Each tile was aligned to the genome using the BWA aligner. Tiles that align
uniquely and perfectly in hg18 receive a p-value of 1e-37, while those that
align perfectly in multiple locations receive a p-value of 0. For each tile,
the oligo midpoint coordinate was recorded along with the -log_10 p-value:
37 (unambiguous) to 0 (ambiguous). The Rosetta uniqueness track was
generated independently of the ENCODE project.
The UMass uniqueness track displays a uniqueness signal for each
base which represents the sum of both plus and minus strand 15-mer occurrences
of that particular 5'->3' (plus strand) sequence throughout the genome. Scores
are normalized between 0 and 1 by calculating ( 1 / N ) where N is the number
of genome wide occurrences of the 15-mer starting at position X. A score of 1
represents a single genome wide occurrence of that 15-mer. A 0.5 would
represent either 2 plus strand occurrences or 1 plus and 1 minus strand
occurrence, and so on. Ratios are rounded to 3 significant digits. Therefore
a 0.000 would represent > 2000 occurrences. A 0 is reserved for a given 15-mer
that is either not assembled or contains at least one N at position X. The
UMass uniqueness track was generated for the ENCODE project.
The CRG Alignability tracks display how uniquely k-mer sequences align
to a region of the genome. To generate the data, the GEM-mappability
program has
been employed. The method is equivalent to mapping sliding windows of k-mers
(where k has been set to 36, 40, 50, 75 or 100 nts to produce these tracks)
back to the genome using the GEM mapper aligner (up to 2 mismatches were
allowed in this case). For each window, a mapability score was computed
(S = 1/(number of matches found in the genome): S=1 means one match in the
genome, S=0.5 is two matches in the genome, and so on). The
CRG Alignability tracks were
generated independently of the ENCODE project, in the framework of the GEM
(GEnome Multitool) project.
Credits
The Broad alignability track was created by the Broad Institute.
Data generation and analysis was supported by funds from the NHGRI (the ENCODE
project), the
Burroughs Wellcome Fund, Massachusetts General Hospital and the Broad Institute.

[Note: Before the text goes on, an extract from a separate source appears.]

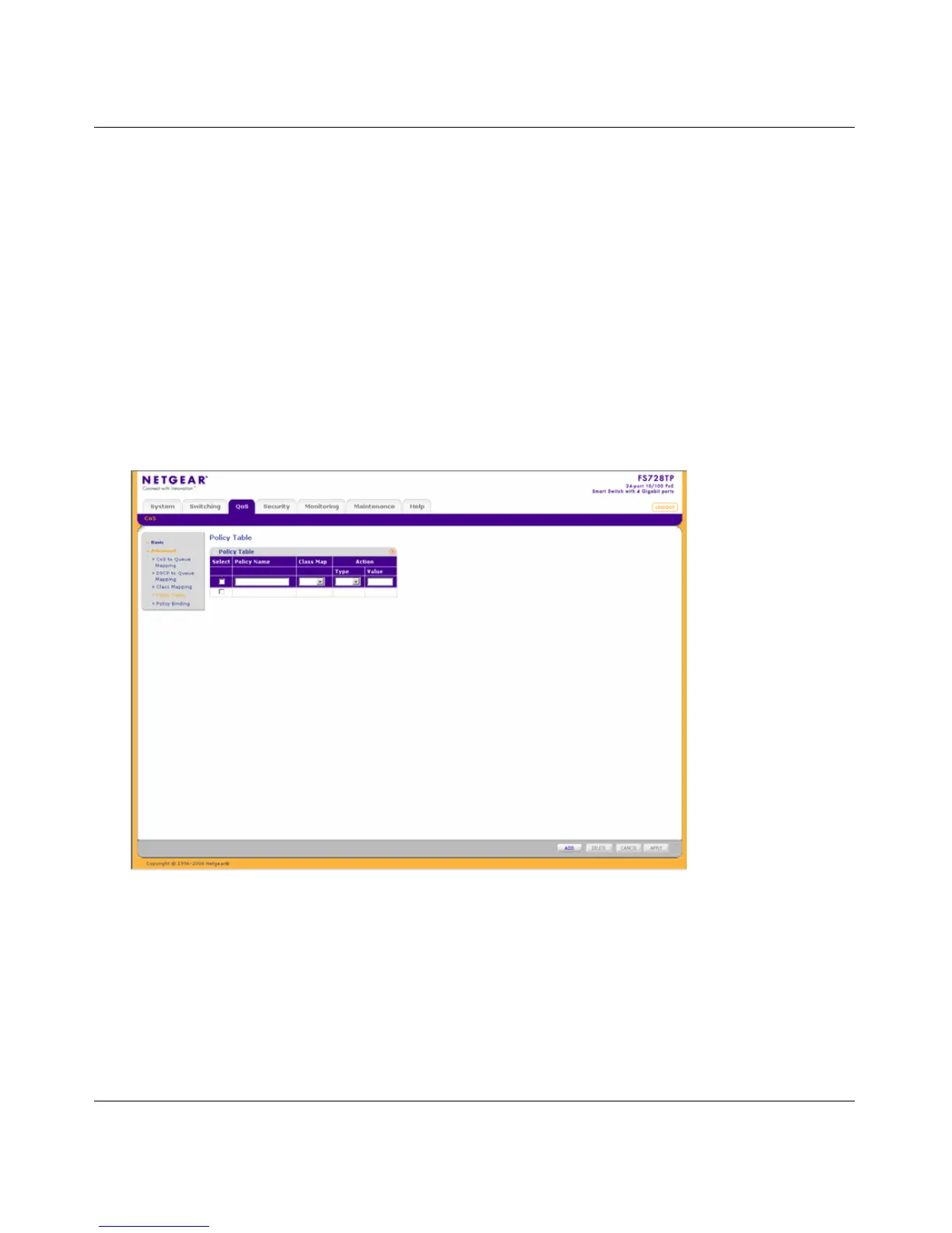 1. Click QoS > CoS> Advanced > Policy Table. The Policy Table screen displays:

The Duke uniqueness and Duke excluded regions tracks were created
by Terry Furey
and Debbie Winter at Duke Univerisity's
Institute for Genome Sciences & Policy (IGSP);
and Stefan Graf at the
European Bioinformatics Insitute (EBI).
We thank NHGRI for ENCODE funding support.

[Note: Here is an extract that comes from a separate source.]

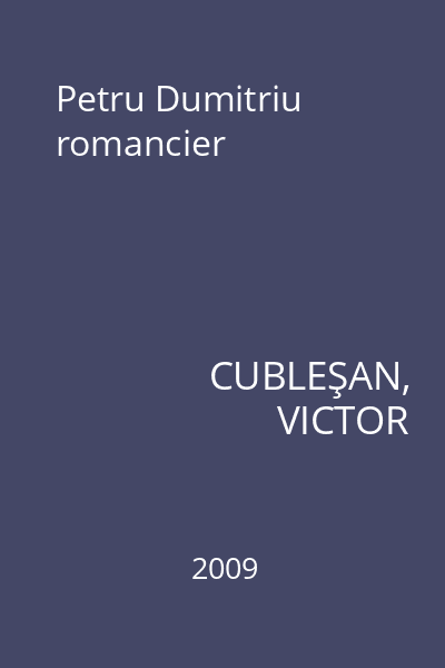| Titlu | Petru Dumitriu romancier |
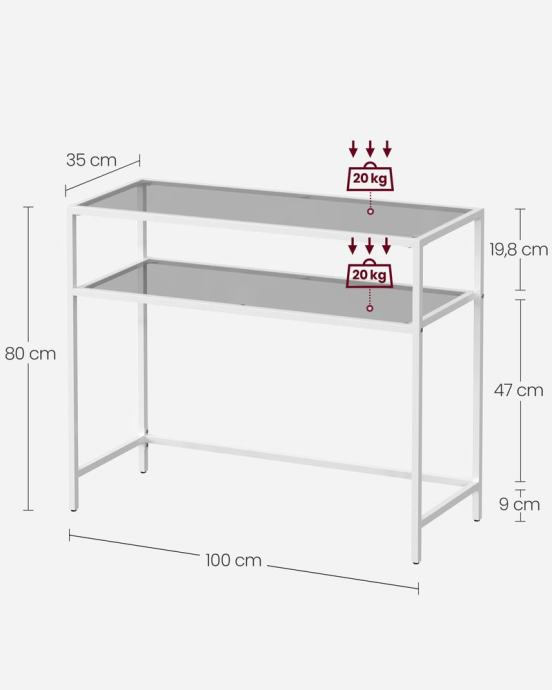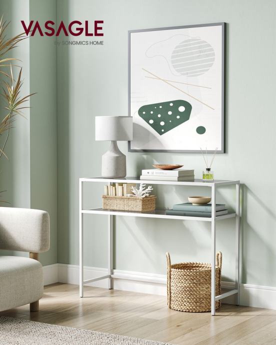 Fascinantan minimalizam: podižite svoj dom na potpuno novu razinu s ovim modernim konzolnim stolom. Zlatni metalni okvir i police od kaljenog stakla čine minimalistički i praktičan vrhunac namještaja.

The Rosetta uniqueness track was created by John Castle,
at
Rosetta Inpharmatics (Merck),
with assistance from Melissa Cline at UCSC.

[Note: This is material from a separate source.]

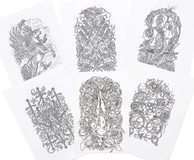 The images are painstakingly drawn in pen and ink by the brilliantly talented Russian artist, Lena Kozachuk, with a great deal of input and image editing by Alex Ukolov. It has been a real partnership, with both enhancing the skills of the other. Karen Mahony designed the concept and structure of the deck.

The UMass uniqueness track was created by Bryan Lajoie
in Job Dekker's Lab
at the University of Massachusetts Medical School. Funding Support: NIH grant
HG003143 to JD. Keck Distinguished Young Scholar Award to JD. This track was
generated as part of the ENCODE project funded by the NHGRI.
The CRG Alignability track was created by Thomas Derrien and Paolo
Ribeca
in Roderic Guigo's lab at the Centre for Genomic
Regulation (CRG), Barcelona, Spain. Thomas Derrien was supported by funds from NHGRI for
the ENCODE project, while Paolo Ribeca was funded by a Consolider grant CDS2007-00050
from the Spanish Ministerio de Educación y Ciencia.
References
Derrien T, Estelle J, Marco Sola S, Knowles DG, Raineri E, Guigo R, Ribeca P.
Fast computation and applications of genome mappability.
PLoS One. 2012;7(1):e30377.
Data Release Policy
Data users may freely use all data in this track. ENCODE labs that
contributed annotations have exempted the data displayed here from the
ENCODE data release policy restrictions.